Dang it! I should've known earthlings have delicious virtual chocolates! *bitemyscreenoff*


----------



## whiterwair (May 29, 2010)

geniusdexter said:


> Good. Now gimme a chocolate bar.


Unfortunately I have no chocolate bar, but if you would like to come with me to the year 2231, delicious desserts abound.


----------



## geniusdexter (Jun 13, 2011)

gemofgreen said:


> Unfortunately I have no chocolate bar, but if you would like to come with me to the year 2231, delicious desserts abound.


Really? I thought people'll eat capsules in 2231 because of nuclear wars years before. That's good to hear. But wait, are there any chocolates there, I wonder?


----------



## whiterwair (May 29, 2010)

geniusdexter said:


> Really? I thought people'll eat capsules in 2231 because of nuclear wars years before. That's good to hear. But wait, are there any chocolates there, I wonder?


Something far superior to chocolates! Yes, blasphemous as it now seems, it is true.


----------



## geniusdexter (Jun 13, 2011)

gemofgreen said:


> Something far superior to chocolates! Yes, blasphemous as it now seems, it is true.


superior to chocolates!? Define it please.
beacuse the only thing superior than chocolates that i know is this: Superior!


----------



## whiterwair (May 29, 2010)

It is defined as: divinely delicious.


----------



## geniusdexter (Jun 13, 2011)

But I don't want something divinely delicious, i want chocolate.....


----------



## whiterwair (May 29, 2010)

Chocolate, you may, if you wanted it badly enough, arise from your chair/bed/whatever it be that you sit on, and go have yourself some chocolate.

The thing that I have... it is very, very hard to get.

But to each his own.

(Sorry. I'm really just half-asleep but too addicted to the computer to go fully-asleep, so I apparently begin rambling about future desserts.)


----------



## geniusdexter (Jun 13, 2011)

gemofgreen said:


> The thing that I have... it is very, very hard to get.


It must be money, then.



gemofgreen said:


> (Sorry.

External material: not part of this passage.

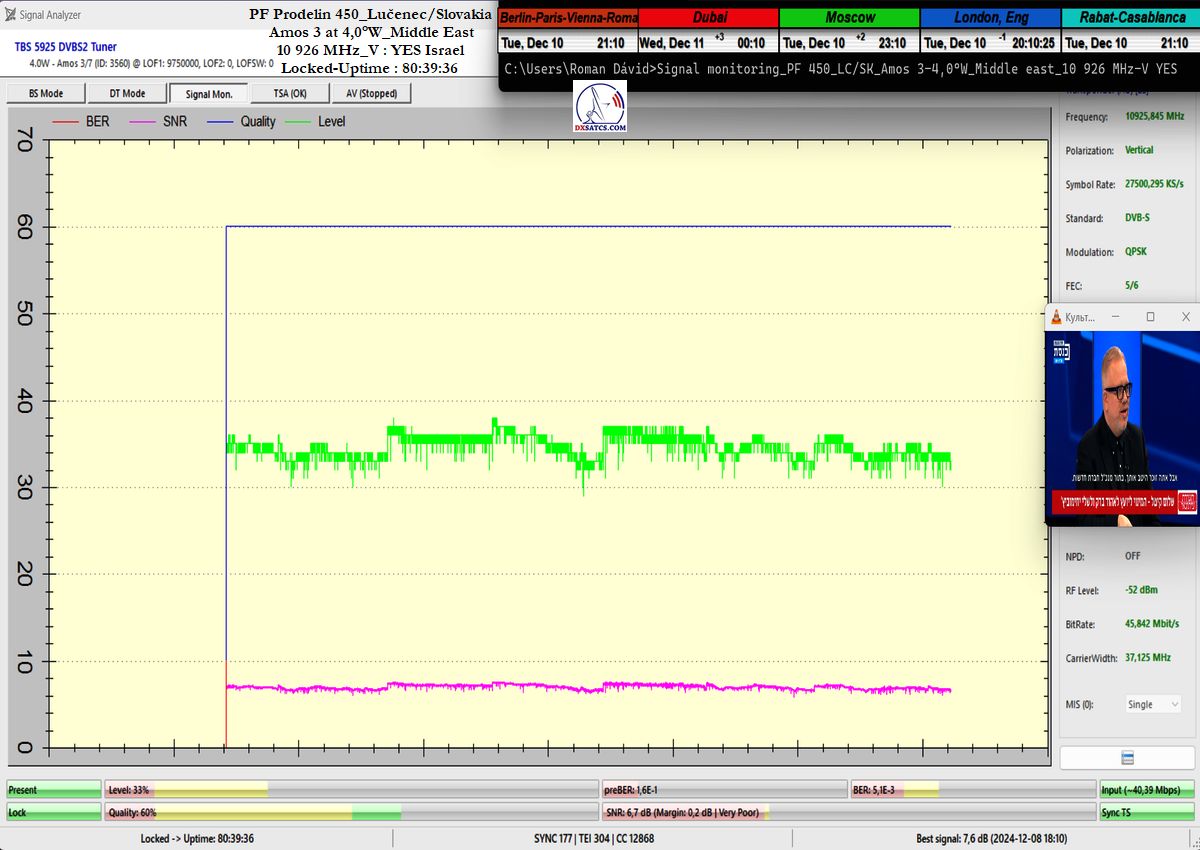 ►+29 hodín _ Priebežný stav v signálnom monitoringu dňa 8.12.2024 a online video ukážky z vysielania v ktorých nie je možné pozorovať ani jeden výpadok alebo pixeláciu obrazu

I'm really just half-asleep but too addicted to the computer to go fully-asleep, so I apparently begin rambling about future desserts.)


No, future dessert plus nuclear radiation is good.


----------



## whiterwair (May 29, 2010)

Money tis not; for capitalism will have eaten itself by 2231 (let's hope).


----------



## geniusdexter (Jun 13, 2011)

gemofgreen said:


> Money tis not


Then what it is? 



gemofgreen said:


> for capitalism will have eaten itself by 2231 (let's hope).


that's quite a long way to go.


----------



## whiterwair (May 29, 2010)

Let's hope the "by" in that sentence means much sooner than 2231. Goodnight!


----------



## dalsgaard (Aug 14, 2010)

*Triggers his anti-chocolate device*


----------



## geniusdexter (Jun 13, 2011)

dalsgaard said:


> *Triggers his anti-chocolate device*


NOOOOOOOOOOOOOOOOOOOOOOOOO!!!!!!
I'll be perished, I'll be perished!!!!

*look at a lollipop* mmm.... this one's quite good.


----------



## col (Jun 4, 2011)

I totally resign from this thread.


----------



## geniusdexter (Jun 13, 2011)

col said:


> I totally resign from this thread.


So, no chocolate then?


----------



## col (Jun 4, 2011)

There was no chocolate right about the point you posted a link to a pedobear video.


----------



## geniusdexter (Jun 13, 2011)

col said:


> There was no chocolate right about the point you posted a link to a pedobear video.


Pedobear is as legendary as rickroll.


----------



## col (Jun 4, 2011)

Thats fair enough  you have the right to enjoy pedobear, just as I have the right to deny you chocolate and leave this thread.


----------



## dizzygirl (Dec 19, 2009)

Hi there! ^_^
here are some chocolate filled liquor bottles! 










and a conventional hershey bar. 









but if you look closely enough there might be a magic pass inside...shhhsh! :tongue:


----------



## skycloud86 (Jul 15, 2009)

*Welcome to the forum :happy:*


----------



## ledzeppy (Apr 29, 2010)

Hey there. BEEEE careful. This site is more addictive than chocolate :}


----------



## geniusdexter (Jun 13, 2011)

ledzeppy said:


> Hey there. BEEEE careful. This site is more addictive than chocolate :}


indeed it is.


----------



## electricky (Feb 18, 2011)

Oh hai and welcome to Earth :laughing:

I come in peace with pools of chocolate. 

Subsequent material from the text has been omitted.